• [Directions for this task]:
With the pictures omitted, transcribe each line below exactly as it is.

--------------------------------

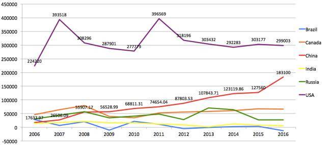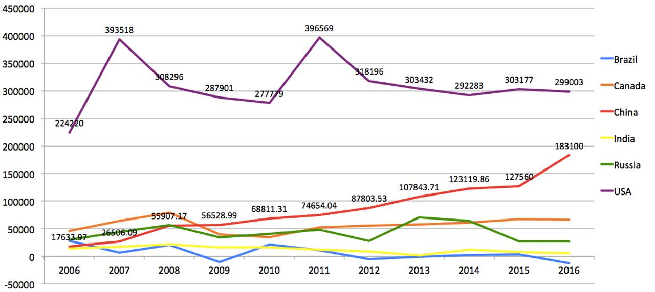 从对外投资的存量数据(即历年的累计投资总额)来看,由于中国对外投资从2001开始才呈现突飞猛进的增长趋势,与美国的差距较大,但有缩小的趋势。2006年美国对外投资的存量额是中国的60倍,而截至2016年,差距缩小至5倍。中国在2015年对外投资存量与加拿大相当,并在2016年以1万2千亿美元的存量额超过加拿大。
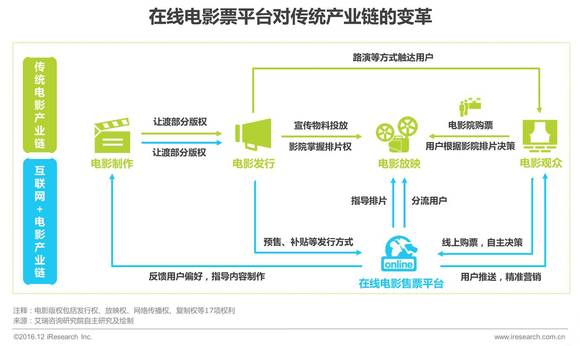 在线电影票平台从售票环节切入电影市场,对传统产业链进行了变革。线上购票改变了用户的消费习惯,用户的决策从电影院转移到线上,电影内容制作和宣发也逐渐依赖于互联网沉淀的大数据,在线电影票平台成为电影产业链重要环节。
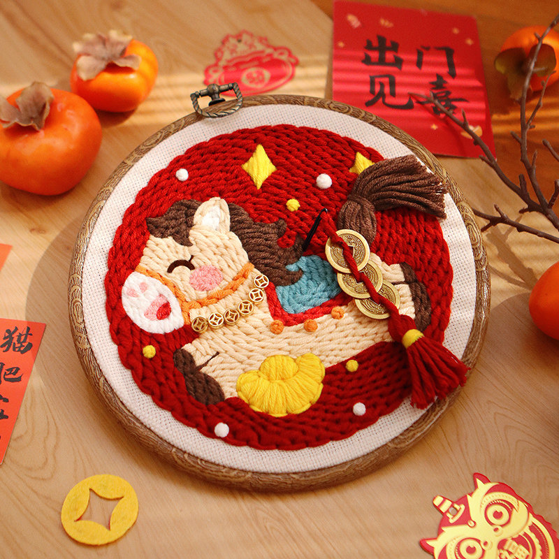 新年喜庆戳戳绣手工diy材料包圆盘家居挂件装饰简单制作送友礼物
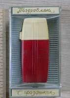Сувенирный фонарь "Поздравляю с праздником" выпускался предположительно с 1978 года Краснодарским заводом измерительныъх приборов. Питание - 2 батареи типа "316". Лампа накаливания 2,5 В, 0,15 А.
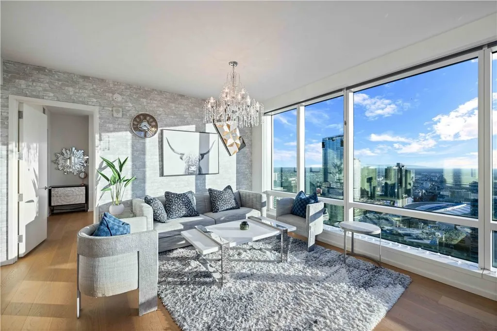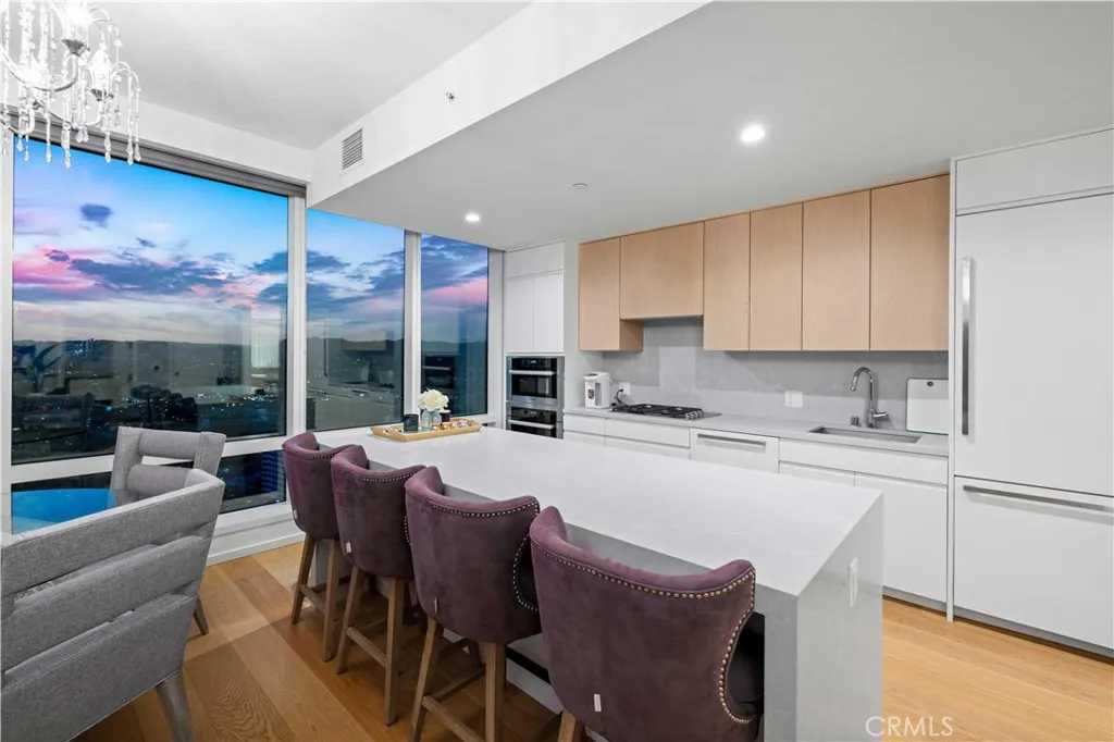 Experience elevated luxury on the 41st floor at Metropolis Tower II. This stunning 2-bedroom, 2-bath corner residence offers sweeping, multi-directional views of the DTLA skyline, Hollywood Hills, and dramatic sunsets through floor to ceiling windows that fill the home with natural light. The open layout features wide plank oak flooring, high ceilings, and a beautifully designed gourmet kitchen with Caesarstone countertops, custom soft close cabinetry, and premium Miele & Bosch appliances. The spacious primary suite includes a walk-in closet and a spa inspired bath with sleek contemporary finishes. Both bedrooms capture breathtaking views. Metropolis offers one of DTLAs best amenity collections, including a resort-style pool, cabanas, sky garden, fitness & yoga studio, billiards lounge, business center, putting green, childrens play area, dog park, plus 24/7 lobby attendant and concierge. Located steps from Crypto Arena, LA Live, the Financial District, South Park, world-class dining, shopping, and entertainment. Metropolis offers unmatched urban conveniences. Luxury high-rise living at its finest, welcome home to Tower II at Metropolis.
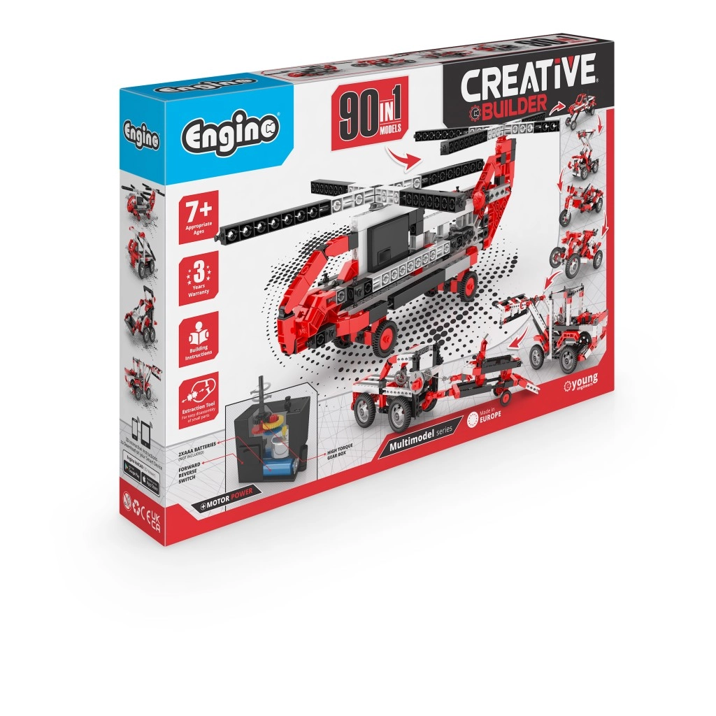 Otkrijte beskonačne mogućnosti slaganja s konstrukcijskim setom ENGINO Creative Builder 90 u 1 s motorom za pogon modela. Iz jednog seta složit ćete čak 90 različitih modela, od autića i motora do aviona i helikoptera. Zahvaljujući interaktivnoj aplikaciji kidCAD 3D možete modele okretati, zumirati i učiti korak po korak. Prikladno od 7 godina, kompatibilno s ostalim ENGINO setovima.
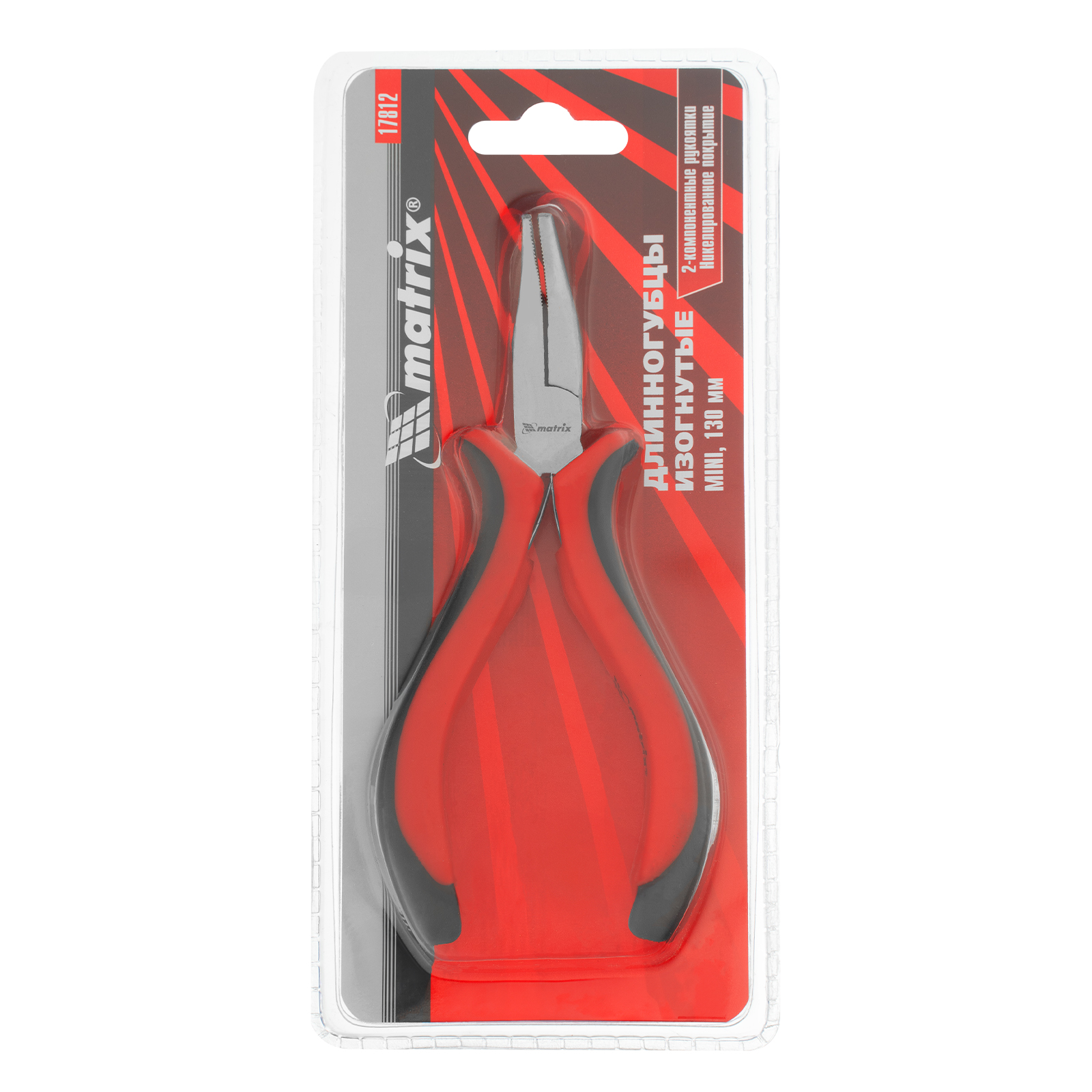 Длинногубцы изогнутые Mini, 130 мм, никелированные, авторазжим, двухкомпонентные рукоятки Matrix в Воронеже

--------------------------------

• [Answer to the exercise]:
 从对外投资的存量数据(即历年的累计投资总额)来看,由于中国对外投资从2001开始才呈现突飞猛进的增长趋势,与美国的差距较大,但有缩小的趋势。2006年美国对外投资的存量额是中国的60倍,而截至2016年,差距缩小至5倍。中国在2015年对外投资存量与加拿大相当,并在2016年以1万2千亿美元的存量额超过加拿大。
 在线电影票平台从售票环节切入电影市场,对传统产业链进行了变革。线上购票改变了用户的消费习惯,用户的决策从电影院转移到线上,电影内容制作和宣发也逐渐依赖于互联网沉淀的大数据,在线电影票平台成为电影产业链重要环节。
 新年喜庆戳戳绣手工diy材料包圆盘家居挂件装饰简单制作送友礼物
Сувенирный фонарь "Поздравляю с праздником" выпускался предположительно с 1978 года Краснодарским заводом измерительныъх приборов. Питание - 2 батареи типа "316". Лампа накаливания 2,5 В, 0,15 А.
 Experience elevated luxury on the 41st floor at Metropolis Tower II. This stunning 2-bedroom, 2-bath corner residence offers sweeping, multi-directional views of the DTLA skyline, Hollywood Hills, and dramatic sunsets through floor to ceiling windows that fill the home with natural light. The open layout features wide plank oak flooring, high ceilings, and a beautifully designed gourmet kitchen with Caesarstone countertops, custom soft close cabinetry, and premium Miele & Bosch appliances. The spacious primary suite includes a walk-in closet and a spa inspired bath with sleek contemporary finishes. Both bedrooms capture breathtaking views. Metropolis offers one of DTLAs best amenity collections, including a resort-style pool, cabanas, sky garden, fitness & yoga studio, billiards lounge, business center, putting green, childrens play area, dog park, plus 24/7 lobby attendant and concierge. Located steps from Crypto Arena, LA Live, the Financial District, South Park, world-class dining, shopping, and entertainment. Metropolis offers unmatched urban conveniences. Luxury high-rise living at its finest, welcome home to Tower II at Metropolis.
 Otkrijte beskonačne mogućnosti slaganja s konstrukcijskim setom ENGINO Creative Builder 90 u 1 s motorom za pogon modela. Iz jednog seta složit ćete čak 90 različitih modela, od autića i motora do aviona i helikoptera. Zahvaljujući interaktivnoj aplikaciji kidCAD 3D možete modele okretati, zumirati i učiti korak po korak. Prikladno od 7 godina, kompatibilno s ostalim ENGINO setovima.
 Длинногубцы изогнутые Mini, 130 мм, никелированные, авторазжим, двухкомпонентные рукоятки Matrix в Воронеже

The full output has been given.